Money and self-esteem

Judy Stone Judy at amida.zoo.duke.edu
Thu Sep 18 08:32:21 EST 1997


> Sabine wrote:
> 
(snip)

> >But then, I wonder - even if one does it for the "love of science" -
> >if people do not seem to have high enough esteem for your work to pay you
> >a decent salary (or to pay you at all) - is this work really worth it?


> >So, the question I would like to put up here is what you feel about it -
> >do you think your work is really so valuable to yourself (it it were valuable
> >for society, society should pay for it) to put up with the financial
situation
> >as it is? Because if it is really valuable for society or your employer
> >(advisor,
> >PI, whatever), doesn't the small amount of money paid for it show that
> >"society"
> >or your boss does not esteem your work high enough, and you should go
> >somewhere
> >where this is valued?
> >

I have often thought that the secret to success in academic science is
(besides all those things you have:  brains, creativity, good work habits)
the ability to hang on -- to keep doing research even when you don't have
any financial support.  Yes, there are people who are fully funded all the
way through and land that great faculty job on the first round of
interviews.  But there are lots more people who don't, and many of them
eventually succeed.  If they have some source of outside money and/or no
kids, they can generally weather the hard times and emerge just fine.  But
if they have more pressing financial concerns, they often need to take
whatever job they can get (like teaching at a commmunity college, working
in industry, etc.).

But I'm not sure this relates to how much they love science.  I think it's
just a matter of the other demands in their life, or as Sabine says, how
much crap they are willing to tolerate.  For me, the discomfort of being
poor is small compared to the discomfort of working in a job where I would
sacrifice so much -- the ability to choose what I think about, what I do,
and how I do it.  On the other hand, I've known lots of people who have
"dropped out", and they all seem happy with their decision.

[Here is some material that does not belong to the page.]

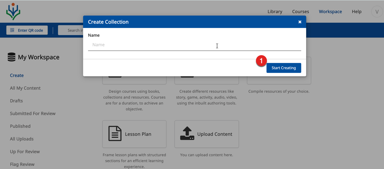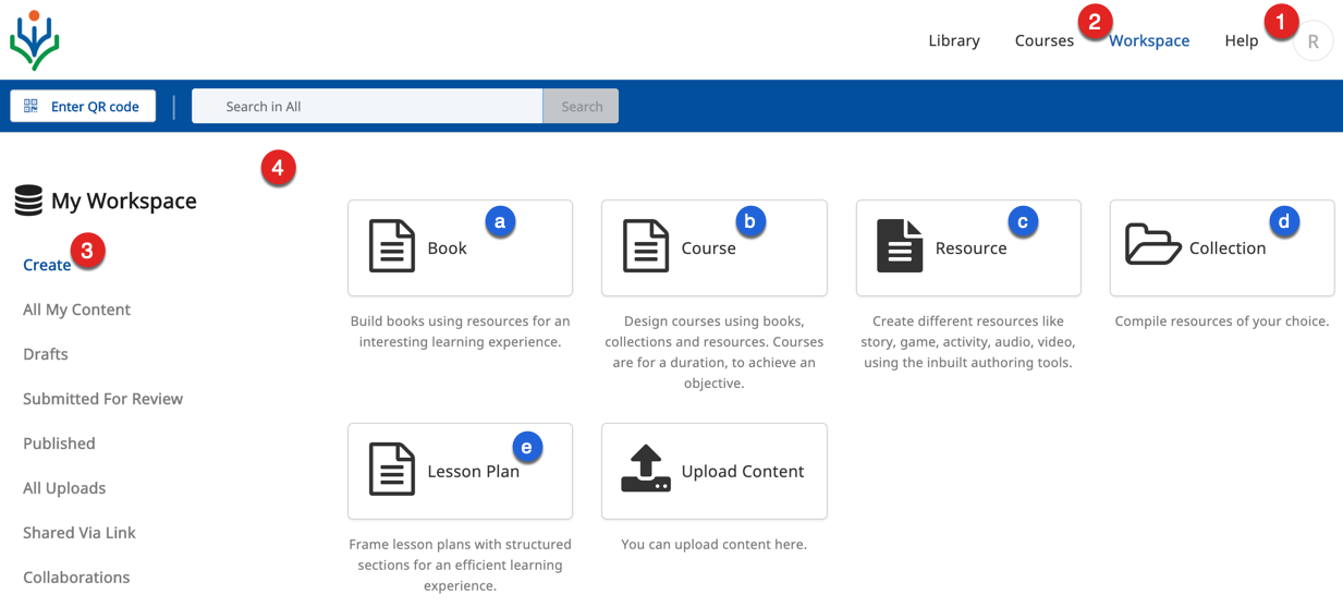 2. You are currently on My Workspace 3. SelectCreate 4. You have clicked any one of the following content tiles: a. Book b. Course c. Resource d. Collection e. Lesson Plan |

This talk about "society" valuing science makes me uncomfortable.  What I
do does not directly benefit humans, and I feel blessed to be able to do
it at all.  I think we, as academic researchers, are responsible for
demonstrating how we benefit society.  Is my salary really more valuable
than food supplements for poor children, medicare, or Amtrack?


Only my second time posting to a newsgroup.  Hope my technique/etiquette is ok.